Question éthique : doit-on criminaliser la consommation personnelle d’un produit traditionnel dans un cadre privé ? Les réponses varient. La voie la plus pragmatique semble être la construction d’alternatives légales et la documentation des risques, plutôt que la répression pure et simple.
Insight final : l’interdiction a déplacé la pratique, elle ne l’a pas supprimée ; la solution durable passe par des compromis réglementaires et des offres responsables.
Comment aborder, en lectrice informée, la fascination pour ce fromage italien dangereux
La curiosité pour le fromage aux larves mêle dégoût, désir d’authenticité et goût de l’extrême. Pour une lectrice qui se questionne, il faut trier l’information et peser l’éthique : respect de la tradition, sécurité personnelle, impact sur les communautés locales.
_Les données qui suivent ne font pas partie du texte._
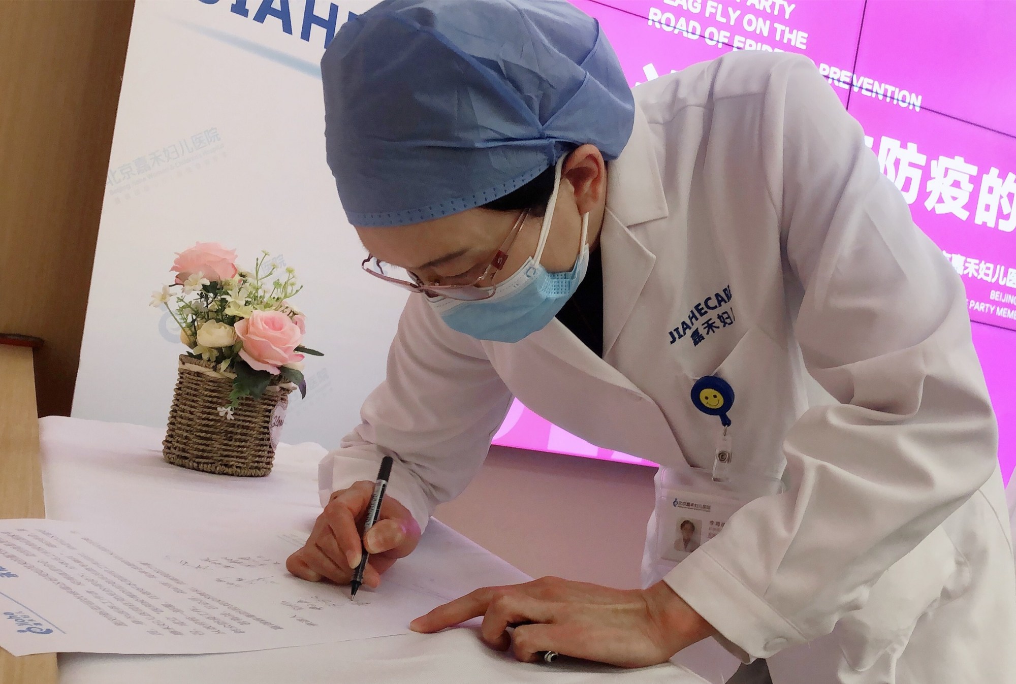 危難當前,作為一名黨員,能做的就是有一分熱,發一分光。北京嘉禾婦兒醫院黨支部響應豐台區委的號召,成立“疫情防控黨員志願先鋒隊”,李海苗主任第一個報名,她在承諾書上鄭重地簽上自己的名字:“如果國家需要我去武漢、去前線,我一定義無反顧,衝在最前。如果國家讓我待命,我就時刻準備,堅守本職工作,守護好每一位母親、每一個嬰兒的健康,帶給羣眾最大的安全與安心,這就是對抗擊疫情最大的貢獻。”

Trois pistes pratiques et réflexives :
- S’informer : chercher des sources institutionnelles et des enquêtes de terrain plutôt que des vidéos sensationnalistes. Se rappeler que l’interdiction européenne date de 2005 et qu’elle répond à une logique de protection collective.
- Consommer autrement : privilégier des alternatives contrôlées proposées par des fromagers locaux ou goûter des fromages fermentés aux profils puissants mais sans risque, comme certains pecorino affinés.
- Questionner l’éthique touristique : la recherche de l’« expérience » ne doit pas instrumentaliser des pratiques menacées ou exposer des producteurs à la répression.
Un tableau synthétique aide à comparer :
| Produit | Présence d’insectes | Statut légal | Risque sanitaire |
|---|---|---|---|
| Casu marzu | Larves vivantes | Interdit à la commercialisation (UE, 2005) | Élevé (myiase, infections) |
| Pecorino traditionnel | Non | Légal | Faible si production contrôlée |
| Mimolette (croûte acarienne) | Acariens sur croûte | Légal | Faible à modéré selon contrôle |
En filigrane, l’enjeu est collectif : préserver les savoirs sans exposer la population à des dangers évitables. Cela implique des conversations entre producteurs, institutions et chercheurs pour documenter réellement les risques et imaginer des cadres où le goût peut survivre sans mettre en péril la santé.
Insight final : la curiosité est légitime ; l’imprudence, moins. Chercher l’authenticité, c’est aussi protéger ceux qui la produisent.
Qu’est-ce que le casu marzu ?
Le casu marzu est un fromage traditionnel sarde, issu d’un pecorino affiné dans lequel des larves de Piophila casei sont présentes pour accélérer la fermentation et liquéfier la pâte.
Pourquoi sa commercialisation est-elle interdite ?
La commercialisation a été interdite dans l’Union européenne en 2005 pour des raisons de sécurité sanitaire : risques d’infestation et de contamination microbienne liés au processus d’affinage à l’air et à la présence d’insectes vivants.
Le casu marzu est-il vraiment dangereux ?
Des cas cliniques de myiase et d’intolérances ont été rapportés ; le risque existe, mais l’ampleur épidémiologique reste insuffisamment documentée. Les autorités pratiquent la précaution.
Existe-t-il des alternatives sûres ?
Oui : certains fromagers proposent des produits inspirés du casu marzu, obtenant une texture fondante par des procédés contrôlés sans larves vivantes. Privilégier ces alternatives réduit le risque sanitaire.